Managing HP Serviceguard for Linux, Tenth Edition, September 2012

A Designing Highly Available Cluster Applications

This appendix describes how to create or port applications for high availability, with

emphasis on the following topics:

• Automating Application Operation

• Controlling the Speed of Application Failover (page 308)

• Designing Applications to Run on Multiple Systems (page 311)

• Restoring Client Connections (page 316)

• Handling Application Failures (page 317)

• Minimizing Planned Downtime (page 318)

Designing for high availability means reducing the amount of unplanned and planned

downtime that users will experience. Unplanned downtime includes unscheduled events

such as power outages, system failures, network failures, disk crashes, or application

failures. Planned downtime includes scheduled events such as scheduled backups, system

upgrades to new OS revisions, or hardware replacements.

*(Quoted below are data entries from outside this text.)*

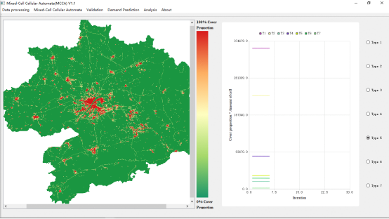 混合元胞CA模型的软件现已发布,包括完整用户手册和测试数据,供全球研究者免费下载。支持算法并行和模拟过程可视化(图8)。下载链接为://github.com/HPSCIL/Mixed_Cell_Cellullar_Automata 或 //www.urbancomp.net/2020/07/25/mixed-cell-cellular-automata-mcca/
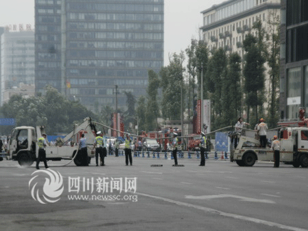 記者在現(xiàn)場未見到救護(hù)車輛,F(xiàn)場有近10輛消防車,交警正在疏導(dǎo)交通,成都主干道人民南路二段交通并未中斷。
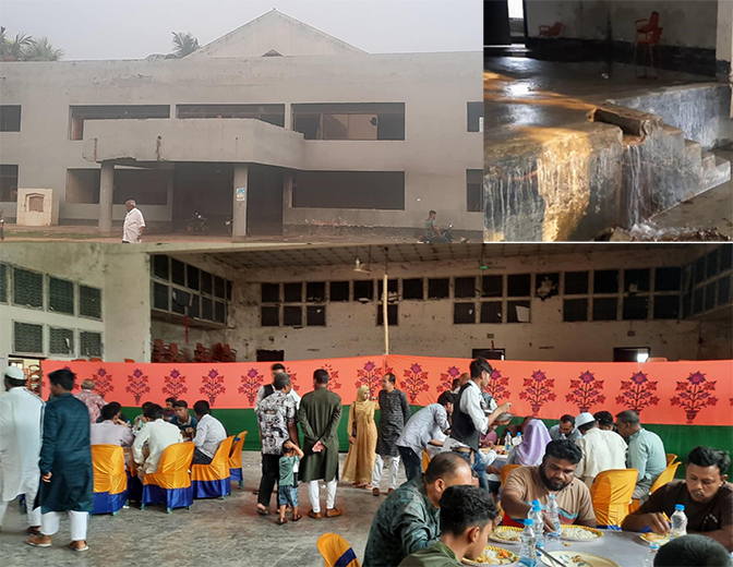 হলরুমের মেঝে ফুড়ে বের হচ্ছে ঝর্ণার মত পানি। চলেনা সিলিং ফ্যান। ছিদ্র হয়ে গেছে উপরের ছাউনির টিন। অস্বাস্থ্যকর ওয়াসরুমে গন্ধে ঢোকা দায়। ছিড়ে গেছে দেয়ালের শব্দ নিয়ন্ত্রক বক্স।
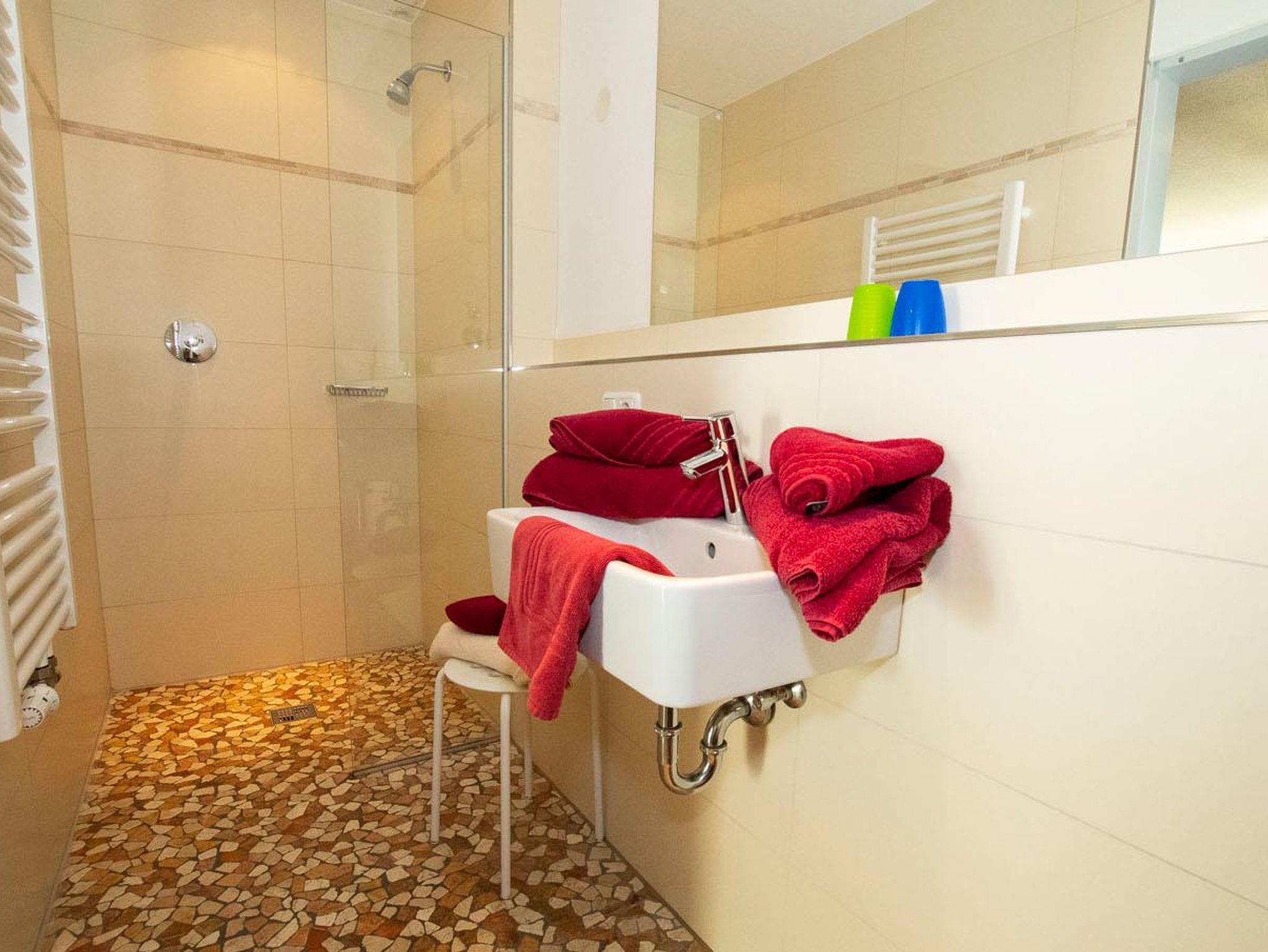Ebenerdiges Dusch-Bad, inkl. Hand- und Duschseife.
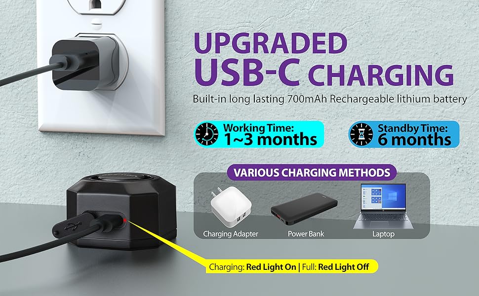 Alcance del mando a distancia: de 50 a 70 metros. Funciona con pilas, ya están incluidas. Duración de la batería, de 1 a 3 meses en funcionamiento. Si no se usa mas de 6 meses. Carga mediante cable USB-C.
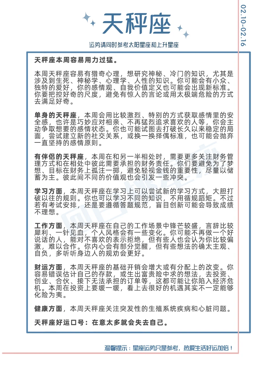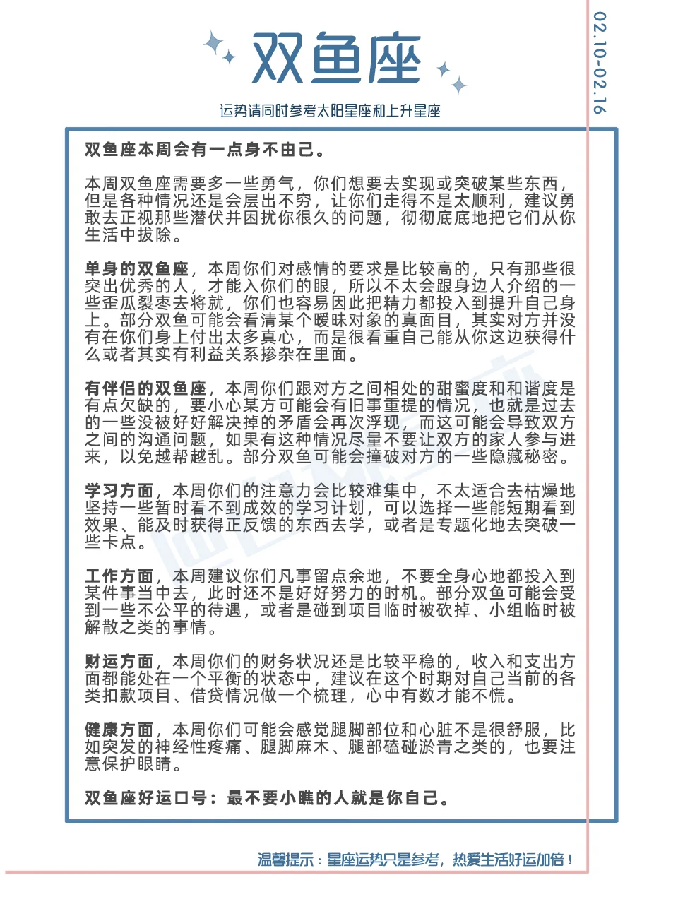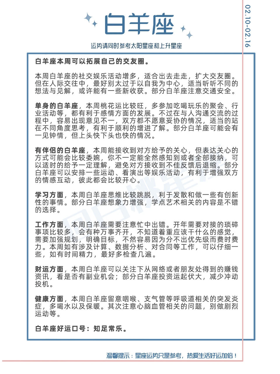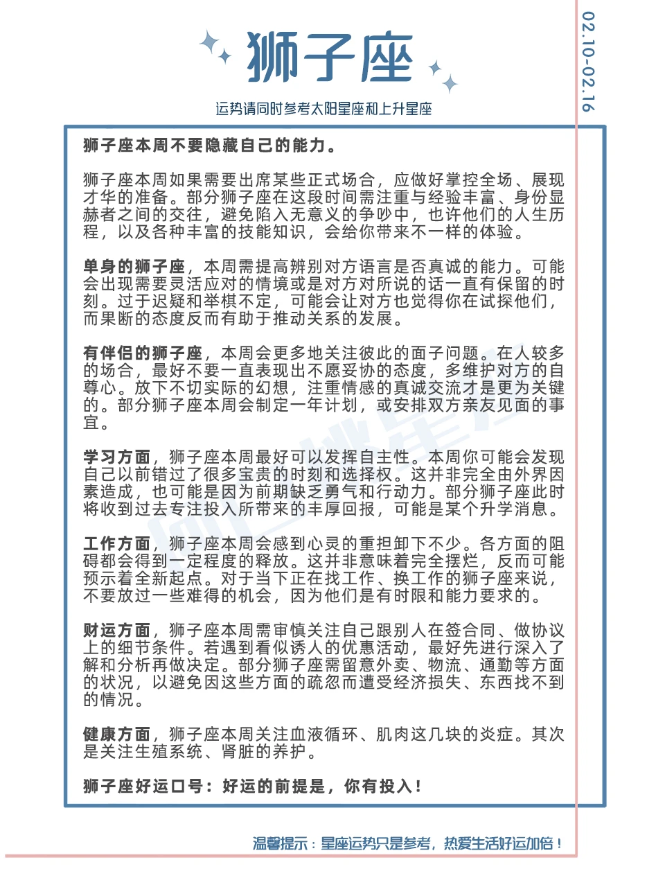 快带上你的好运口号领取本周好运吧~ 温馨提示:星座运势只是参考,热爱生活好运加倍! 星座 星座运势 十二星座
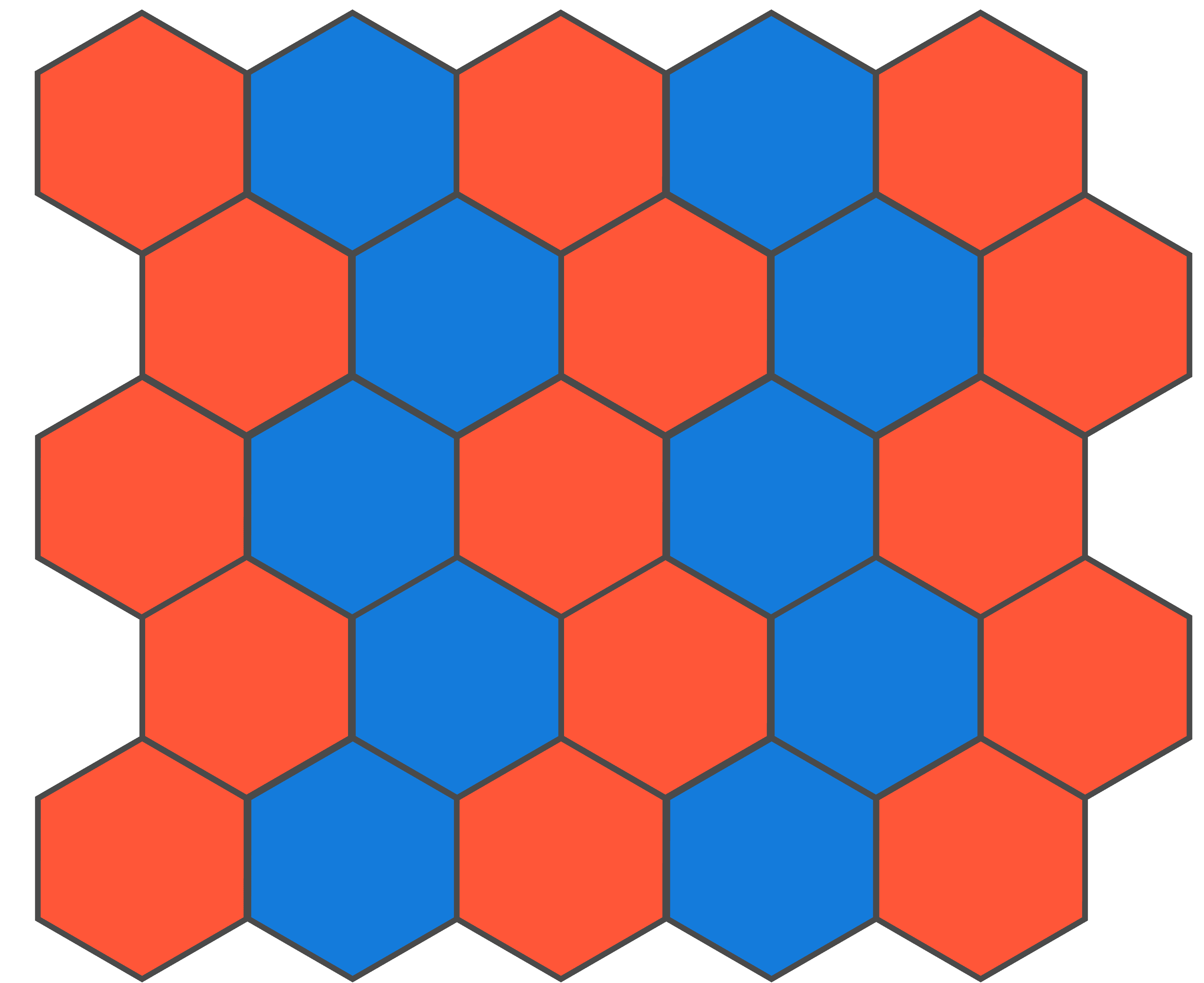 Voici la première difficulté des grilles hexagonales. Selon l'orientation de l'hexagone, une cellule sur deux sera décalée.

Two key strategies should be kept in mind:

1. Design the application to handle a system reboot or panic. If you are modifying an

existing application for a highly available environment, determine what happens

currently with the application after a system panic. In a highly available environment

there should be defined (and scripted) procedures for restarting the application.

Procedures for starting and stopping the application should be automatic, with no

user intervention required.

2. The application should not use any system-specific information such as the following

if such use would prevent it from failing over to another system and running properly:

• The application should not refer to uname() or gethostname().

• The application should not refer to the SPU ID.

• The application should not refer to the MAC (link-level) address.

Automating Application Operation

Can the application be started and stopped automatically or does it require operator

intervention?

This section describes how to automate application operations to avoid the need for user

intervention. One of the first rules of high availability is to avoid manual intervention. If

it takes a user at a terminal, console or GUI interface to enter commands to bring up a

subsystem, the user becomes a key part of the system. It may take hours before a user

can get to a system console to do the work necessary. The hardware in question may

be located in a far-off area where no trained users are available, the systems may be

located in a secure datacenter, or in off hours someone may have to connect via modem.

306 Designing Highly Available Cluster Applications